How a Few Yellow Dots Burned the Intercept's NSA Leaker

On Monday, news outlet The Intercept released documents on election tampering from an NSA leaker. The documents revealed that a Russian intelligence operation sent spear-phishing emails to more than 100 local election officials days before the election, which ran through a hack of a U.S. voting software supplier. Hours later, the Department of Justice charged 25-year-old government contractor Reality Leigh Winner with sharing top secret material with the media. The DoJ said it Winner had "printed and improperly removed classified intelligence reporting, which contained classified national defense information" before mailing the materials. But how could the DoJ know that it was Winner who had printed the documents, or that the documents were printed at all? ArsTechnica explains: [...] The Intercept team inadvertently exposed its source because the copy showed fold marks that indicated it had been printed -- and it included encoded watermarking that revealed exactly when it had been printed and on what printer. The watermarks in the scanned document The Intercept published yesterday -- were from a Xerox Docucolor printer. Many printers use this or similar schemes, printing faint yellow dots in a grid pattern on printed documents as a form of steganography, encoding metadata about the document into its hard-copy output. Researchers working with the Electronic Frontier Foundation have reverse-engineered the grid pattern employed by this class of printer; using the tool, Ars (and others, including security researcher Robert Graham) determined that the document passed to The Intercept was printed on May 9, 2017 at 6:20am from a printer with the serial number 535218 or 29535218. Further reading: How The Intercept Outed Reality Winner.

Re:This wasn't the only way

[Jason+Levine]

How can someone work for the NSA and NOT be aware that they track everything? If I was an NSA leaker, I certainly wouldn't be e-mailing my leaks from my work computer/e-mail account. I'd set up a throwaway account (and even then would be looking over my shoulder every second).

Re: Reality Winner

Sadly, she is being charged under the Espionage Act. There is no defense, no mitigating circumstances, and she will spend many long years in prison as an example. Even if you disagree with her actions , this sounds inappropriate. Like the Soviet Union or China.

Re:Take a photo

[Train0987]

Or maybe don't leak classified information that you're sworn to protect in the first place?

Re:Lesson to learn

[Gr8Apes]

Then again, they also (reportedly) gave away her location (Augusta GA) to the government person they were trying to verify the documents with.

Wait, they have top secret government documents, and they're going to verify them with the government? And then give information of their source to the government? And then release the original photos of documents to the public? Did they also hand over the originals to the government so they could grab fingerprints and other forensic evidence off of them?

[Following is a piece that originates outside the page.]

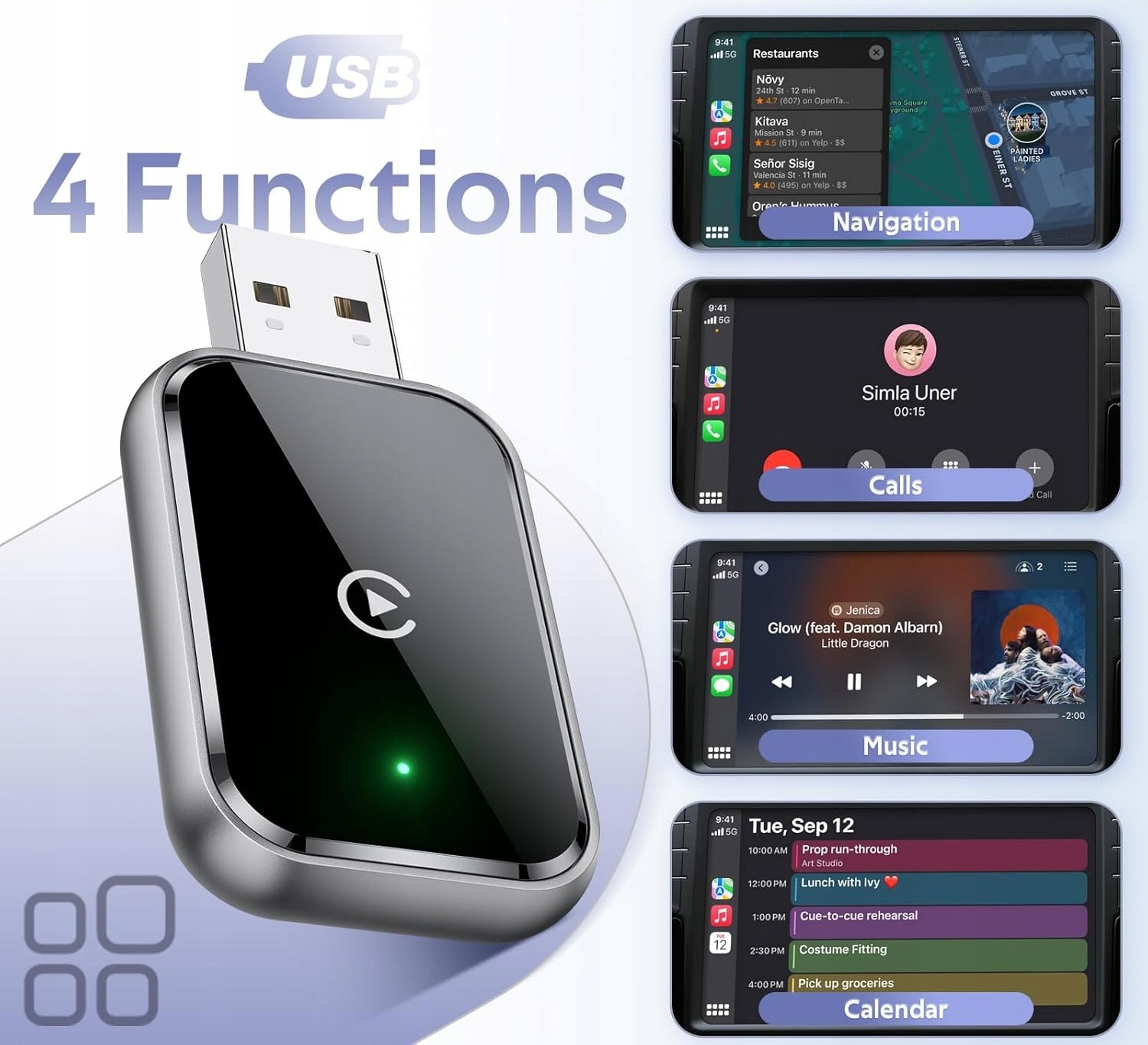 Во многих автомобилях CarPlay работает только после подключения USB -кабеля. Это неудобно, особенно на коротких маршрутах. aizeo syy03 позволяет использовать навигацию, музыку, сообщения и голосовые соединения , не постоянно вытаскивая телефон из кармана.

There is no excuse for how many failures the Intercept committed in protecting a formerly anonymous source. I'm going out on a limb here and say that this will be the last time they receive info from an actual anonymous source that isn't a complete idiot. Then again, as noted, Winner appears to qualify as a complete idiot, emailing them from work in the first place.

Re:This wasn't the only way

[h4ck7h3p14n37]

Diversity hire. Someone with her background definitely should not have received a Top Secret clearance.